■ What is expected
Copy exactly the lines of the data below, beginning with the line with "Er werd er in" and ending with the line with "Historial de la Grande Guerre - Péronne". Pictures are to be omitted.

■ Data to process
Content starts
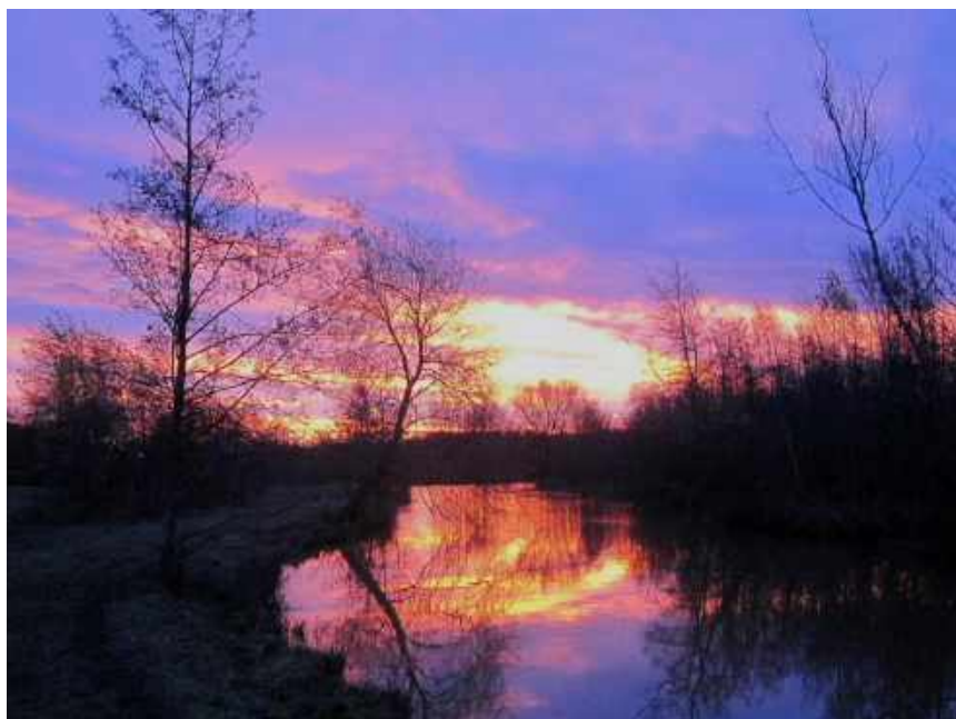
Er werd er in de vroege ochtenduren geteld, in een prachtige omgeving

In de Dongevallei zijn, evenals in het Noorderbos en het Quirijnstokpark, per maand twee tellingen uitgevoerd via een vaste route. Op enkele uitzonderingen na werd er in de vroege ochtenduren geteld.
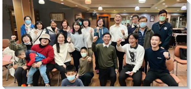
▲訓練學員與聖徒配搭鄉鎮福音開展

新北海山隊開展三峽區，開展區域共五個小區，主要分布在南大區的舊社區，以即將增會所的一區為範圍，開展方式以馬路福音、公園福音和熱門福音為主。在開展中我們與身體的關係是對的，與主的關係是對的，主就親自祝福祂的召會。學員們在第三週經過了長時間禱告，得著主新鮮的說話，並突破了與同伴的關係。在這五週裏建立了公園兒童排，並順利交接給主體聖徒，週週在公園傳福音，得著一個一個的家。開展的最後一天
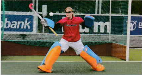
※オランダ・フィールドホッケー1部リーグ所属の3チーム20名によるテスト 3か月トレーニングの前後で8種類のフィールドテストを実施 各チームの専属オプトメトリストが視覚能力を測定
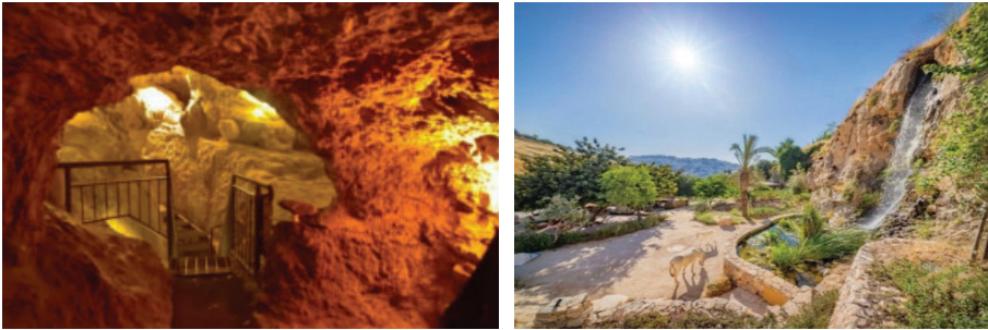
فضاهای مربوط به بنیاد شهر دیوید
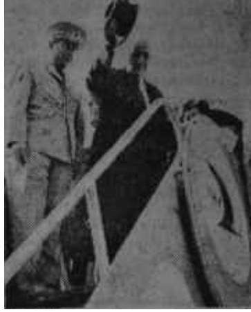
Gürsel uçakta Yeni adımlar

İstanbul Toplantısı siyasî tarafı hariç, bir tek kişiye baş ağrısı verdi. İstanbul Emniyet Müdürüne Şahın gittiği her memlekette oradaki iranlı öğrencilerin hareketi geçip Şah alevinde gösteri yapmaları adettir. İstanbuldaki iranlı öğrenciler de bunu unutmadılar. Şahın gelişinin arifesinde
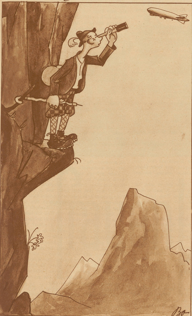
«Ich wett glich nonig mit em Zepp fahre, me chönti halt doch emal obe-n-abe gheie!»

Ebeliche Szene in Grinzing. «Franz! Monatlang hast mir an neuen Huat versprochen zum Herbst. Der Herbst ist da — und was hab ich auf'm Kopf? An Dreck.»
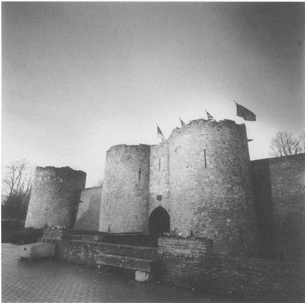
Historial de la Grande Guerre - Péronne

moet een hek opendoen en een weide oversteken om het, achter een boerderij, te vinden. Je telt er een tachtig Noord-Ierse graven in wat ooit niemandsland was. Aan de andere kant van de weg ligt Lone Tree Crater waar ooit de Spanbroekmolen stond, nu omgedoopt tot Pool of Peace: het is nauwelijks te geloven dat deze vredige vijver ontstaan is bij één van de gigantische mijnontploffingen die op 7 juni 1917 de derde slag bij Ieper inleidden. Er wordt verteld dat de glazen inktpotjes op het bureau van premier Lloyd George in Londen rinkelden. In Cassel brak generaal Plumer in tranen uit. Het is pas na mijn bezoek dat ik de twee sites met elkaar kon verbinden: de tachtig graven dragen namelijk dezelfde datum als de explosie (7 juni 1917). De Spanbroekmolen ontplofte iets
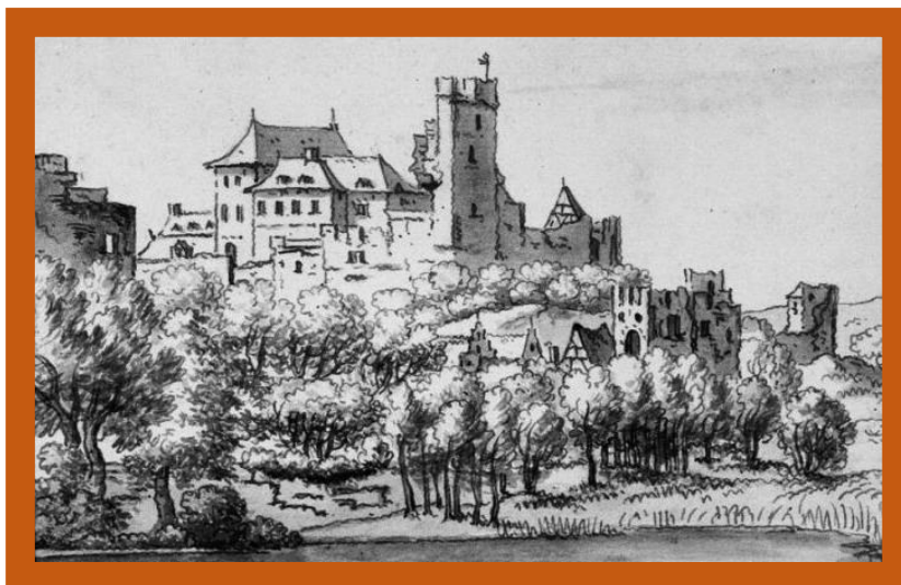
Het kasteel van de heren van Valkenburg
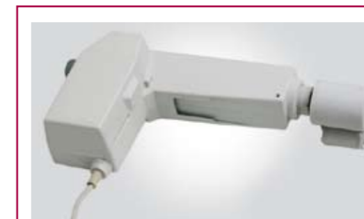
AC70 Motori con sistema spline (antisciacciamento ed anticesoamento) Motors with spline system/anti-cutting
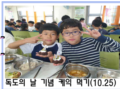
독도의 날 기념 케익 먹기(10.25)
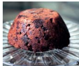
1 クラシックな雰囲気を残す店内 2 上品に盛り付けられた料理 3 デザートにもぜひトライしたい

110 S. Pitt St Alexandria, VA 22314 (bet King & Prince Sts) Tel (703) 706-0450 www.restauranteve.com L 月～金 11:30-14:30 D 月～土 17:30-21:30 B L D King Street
Content ends
Content starts
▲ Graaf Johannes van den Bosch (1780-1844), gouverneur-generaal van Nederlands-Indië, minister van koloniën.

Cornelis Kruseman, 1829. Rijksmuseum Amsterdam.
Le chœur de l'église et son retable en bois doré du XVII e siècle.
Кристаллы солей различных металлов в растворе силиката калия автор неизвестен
Content ends
Content starts
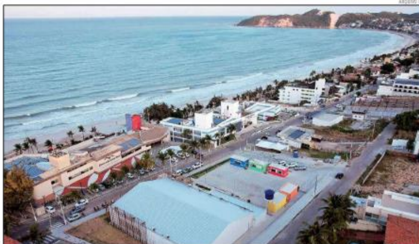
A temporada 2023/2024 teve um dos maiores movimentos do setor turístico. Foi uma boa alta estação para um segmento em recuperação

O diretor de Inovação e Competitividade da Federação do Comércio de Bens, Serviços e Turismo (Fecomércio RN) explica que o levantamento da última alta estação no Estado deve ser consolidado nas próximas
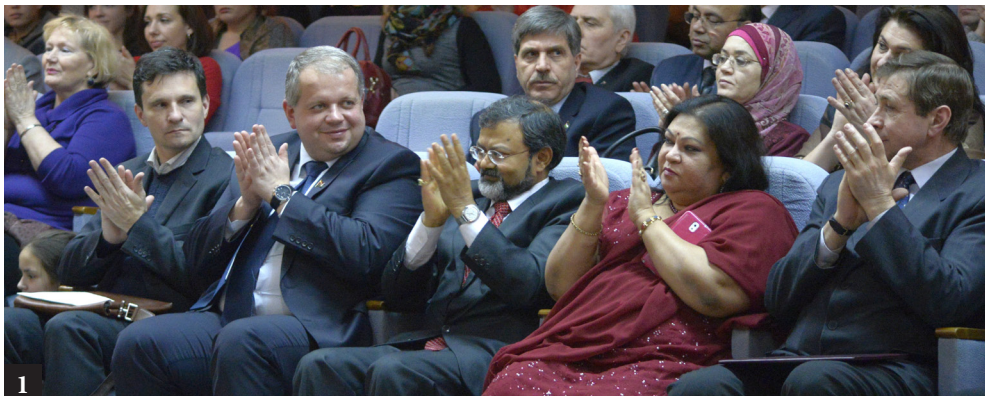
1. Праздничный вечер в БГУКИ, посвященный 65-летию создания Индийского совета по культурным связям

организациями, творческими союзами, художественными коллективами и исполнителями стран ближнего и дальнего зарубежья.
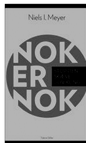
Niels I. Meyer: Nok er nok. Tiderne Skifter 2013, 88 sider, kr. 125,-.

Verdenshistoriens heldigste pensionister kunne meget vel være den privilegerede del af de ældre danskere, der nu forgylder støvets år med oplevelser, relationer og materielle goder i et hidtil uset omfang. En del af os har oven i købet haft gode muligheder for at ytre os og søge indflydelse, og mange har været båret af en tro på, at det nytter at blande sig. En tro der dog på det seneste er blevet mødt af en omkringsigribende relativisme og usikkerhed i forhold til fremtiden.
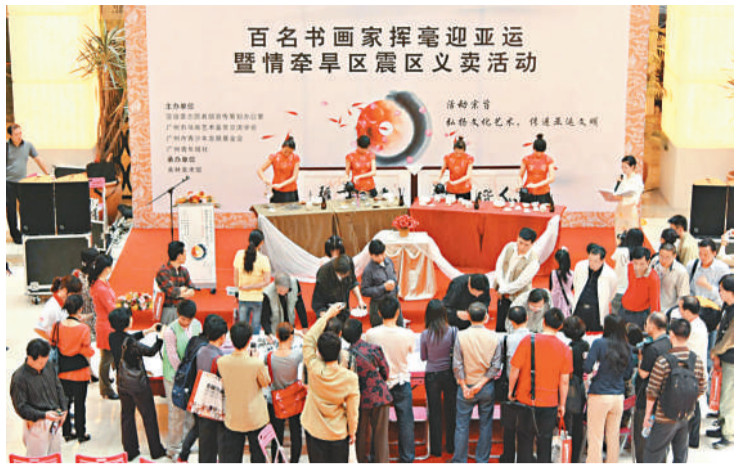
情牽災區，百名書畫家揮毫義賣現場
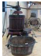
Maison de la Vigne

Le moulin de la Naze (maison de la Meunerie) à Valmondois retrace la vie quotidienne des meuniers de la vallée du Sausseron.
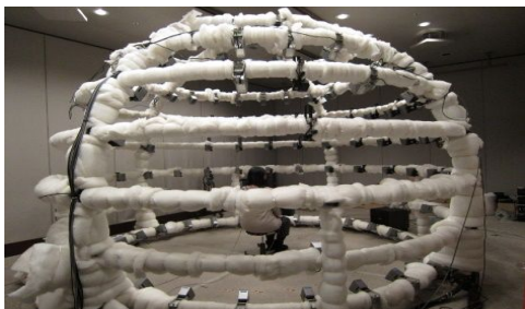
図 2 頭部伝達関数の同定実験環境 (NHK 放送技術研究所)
Content ends
■ Task result
Er werd er in de vroege ochtenduren geteld, in een prachtige omgeving

In de Dongevallei zijn, evenals in het Noorderbos en het Quirijnstokpark, per maand twee tellingen uitgevoerd via een vaste route. Op enkele uitzonderingen na werd er in de vroege ochtenduren geteld.
▲訓練學員與聖徒配搭鄉鎮福音開展

新北海山隊開展三峽區，開展區域共五個小區，主要分布在南大區的舊社區，以即將增會所的一區為範圍，開展方式以馬路福音、公園福音和熱門福音為主。在開展中我們與身體的關係是對的，與主的關係是對的，主就親自祝福祂的召會。學員們在第三週經過了長時間禱告，得著主新鮮的說話，並突破了與同伴的關係。在這五週裏建立了公園兒童排，並順利交接給主體聖徒，週週在公園傳福音，得著一個一個的家。開展的最後一天
※オランダ・フィールドホッケー1部リーグ所属の3チーム20名によるテスト 3か月トレーニングの前後で8種類のフィールドテストを実施 各チームの専属オプトメトリストが視覚能力を測定
فضاهای مربوط به بنیاد شهر دیوید
Gürsel uçakta Yeni adımlar

İstanbul Toplantısı siyasî tarafı hariç, bir tek kişiye baş ağrısı verdi. İstanbul Emniyet Müdürüne Şahın gittiği her memlekette oradaki iranlı öğrencilerin hareketi geçip Şah alevinde gösteri yapmaları adettir. İstanbuldaki iranlı öğrenciler de bunu unutmadılar. Şahın gelişinin arifesinde
«Ich wett glich nonig mit em Zepp fahre, me chönti halt doch emal obe-n-abe gheie!»

Ebeliche Szene in Grinzing. «Franz! Monatlang hast mir an neuen Huat versprochen zum Herbst. Der Herbst ist da — und was hab ich auf'm Kopf? An Dreck.»
Historial de la Grande Guerre - Péronne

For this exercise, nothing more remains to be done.